In the entries below, filter for the word "sektora" and copy every matching line.

EXERCISE INPUT Start Marker

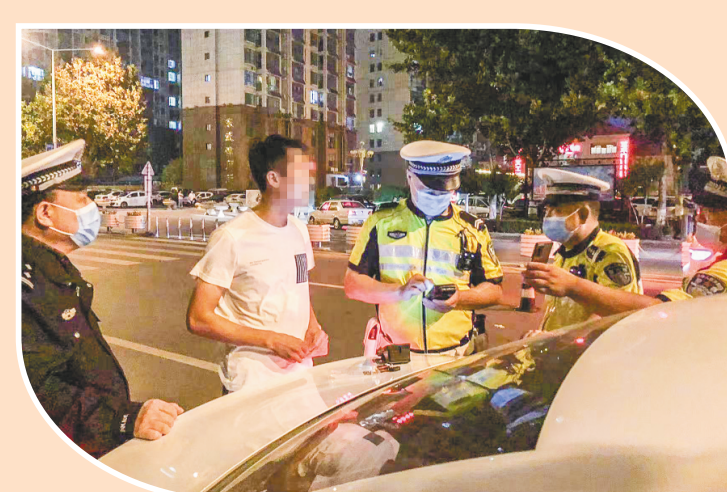
▲国庆期间,潍坊市公安局交警支队先后开展第十五次、第十六次严查酒驾醉驾集中统一行动。潍坊日报社全媒体记者 常方方 摄

国庆假期,我市各行各业众多劳动者依然坚守一线,奋战在各自岗位,在辛勤工作中度过假期,以坚守诠释担当,用奉献书写责任,以实际行动迎接党的二十大胜利召开。
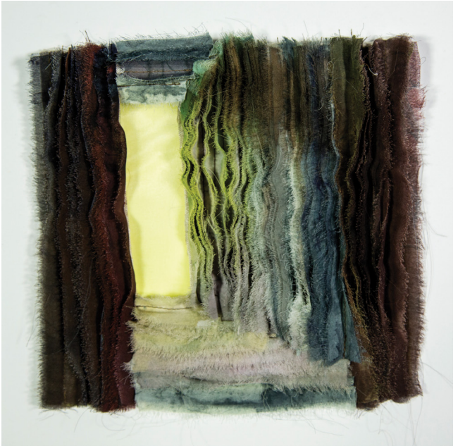
GAISMA CIETOKŠŅA MŪRĪ II / LIGHT IN THE FORTRESS WALL II vaska batika, šuvums / wax batik, stitching 20 x 20 x 2
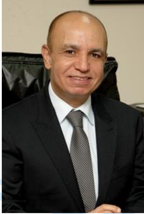
الأستاذ الدكتور أحمد مجدوبة

نائب الرئيس لشؤون الكليات الإنسانية - الجامعة الأردنية
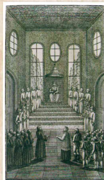
「ザビエルと日本の僧侶の図」 『イエズス会士日本書簡集』（ドイツ語版）

『イエズス会士日本書簡集』（ドイツ語版全3巻 1795年～98年まで刊行）は、宣教師の報告をまとめたもので、府内でのザビエルの活動や大友宗麟の洗礼の様子が記されています。
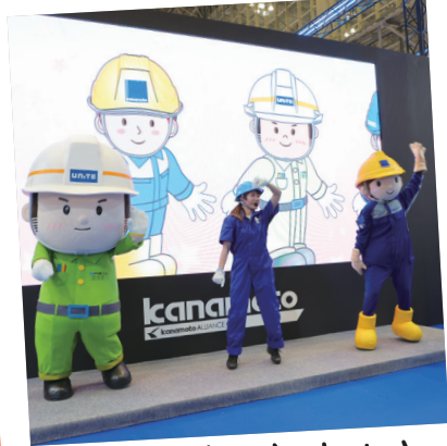
おにんぎょうさんと あくしゅしたよ!
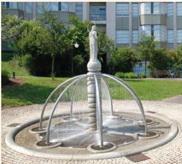
TEXT ANDRÉ MADAUS

ger Bischof Walter Mixa stellte sich auf die Seite der Bewahrer. In dieser schwierigen Situation erinnerten sich die Schwestern von Dillingen der heiligen Crescentia von Kaufbeuren: »Alles Gute muss erkämpft werden«, hatte die Heilige im Jahr 1736 zu Schwester Aloisia Erlacherin gesagt, denn auch die damalige Meisterin des Konventes hatte beim Neubau der Klosterkirche große Widerstände zu überwinden. Besonders der Pfarrer der angrenzenden Kirche missgönnte den Schwestern ihr modernes Gotteshaus. »Diese Worte waren für uns selbst eine große Ermutigung«, sagt Schwester Nicole, die schließlich nach eineinhalb Jahren die Genehmigung für den Umbau erhielt. In das gläserne Kreuz, das wie ein Lichtstrahl den roten Marmor des neuen Altars durchbricht, hat die Künstlerin eine Reliquie der heiligen Crescentia eingelassen. Auf diese Weise hat sie eine Brücke gebaut zwischen Vergangenheit, Gegenwart und Zukunft. ■
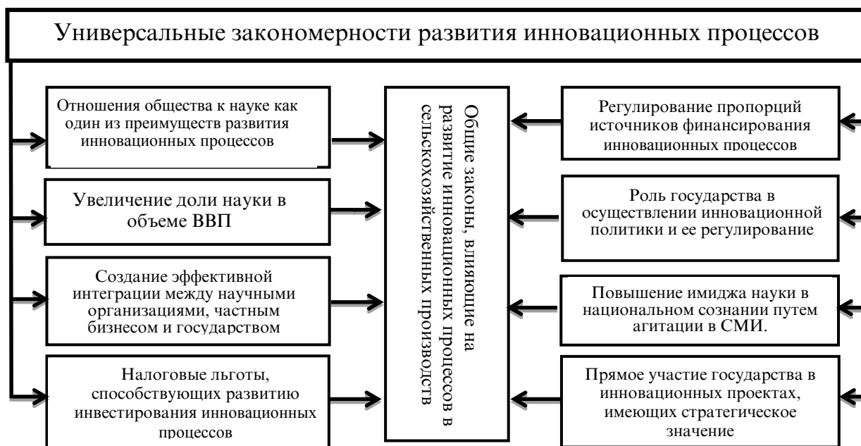
Рис. 2. Универсальные закономерности влияющие на инновационные процессы.

В этой связи, при планировании инноваций и управления инновационной деятельностью предприятий и хозяйств, следует учитывать факторы и особенности сельскохозяйственного производства республики, а также вышеперечисленные закономерности.
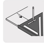
Muecas para facilitar trazado
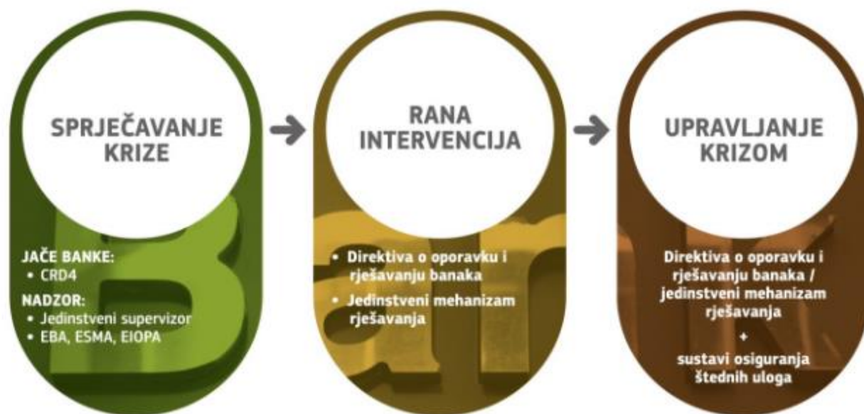
Slika 2: Stvaranje sigurnog bankarskog sektora

Stoga je cilj Europske bankarske unije stvaranje sigurnijeg bankarskog sektora na području Europske unije. Cilj je osigurati da sve banke budu sigurnije, da se osigura intervencija supervizora te da se osiguraju mehanizmi za upravljanje krizom. Preciznije, to su tri cilja prikazana na sljedećoj slici.
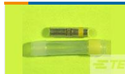
TE 产品编号650099-000 D-436-76
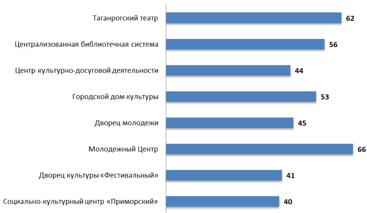
Рисунок 5.1 – Интегральные показатели, характеризующие доступность услуг для инвалидов в организациях культуры г. Таганрога Ростовской области, баллы

Анализ интегральных показателей исследуемых организаций культуры г. Таганрога Ростовской области показывает, что в отношении доступности услуг для инвалидов зафиксированные оценки параметров демонстрируют значительный разброс:
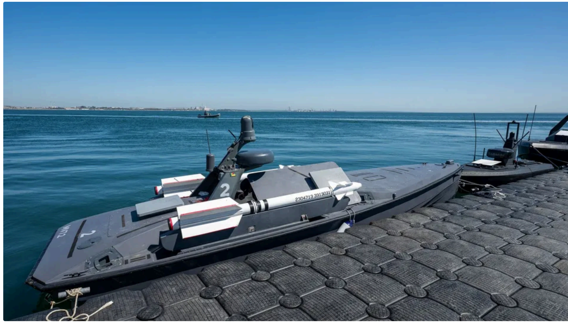
Безекипажний катер втратив керування через дію засобів РЕБ росіян ( іностративне)

5 червня, 15.44 Цей матеріал також можна прочитати на руском
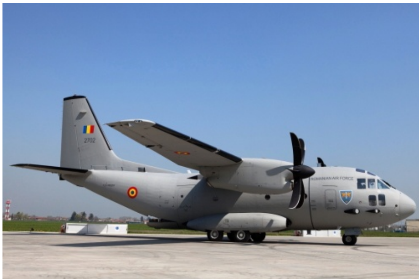
Rumuński C-27J Spartan użyty do prób nowego systemu gaszenia pożarów

Jeden z rumuńskich transportowców C-27J Spartan został wyposażony w nowy system gaszenia pożarów. Przeprowadzono już jego pierwsze próby.
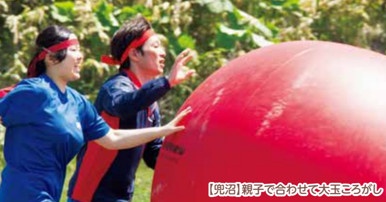
【兜沼】親子で合わせて大玉ころがし
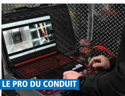
LE PRO DU CONDUIT

EXERCISE INPUT End Marker

REPLY TO THE TASK:
Slika 2: Stvaranje sigurnog bankarskog sektora
Stoga je cilj Europske bankarske unije stvaranje sigurnijeg bankarskog sektora na području Europske unije. Cilj je osigurati da sve banke budu sigurnije, da se osigura intervencija supervizora te da se osiguraju mehanizmi za upravljanje krizom. Preciznije, to su tri cilja prikazana na sljedećoj slici.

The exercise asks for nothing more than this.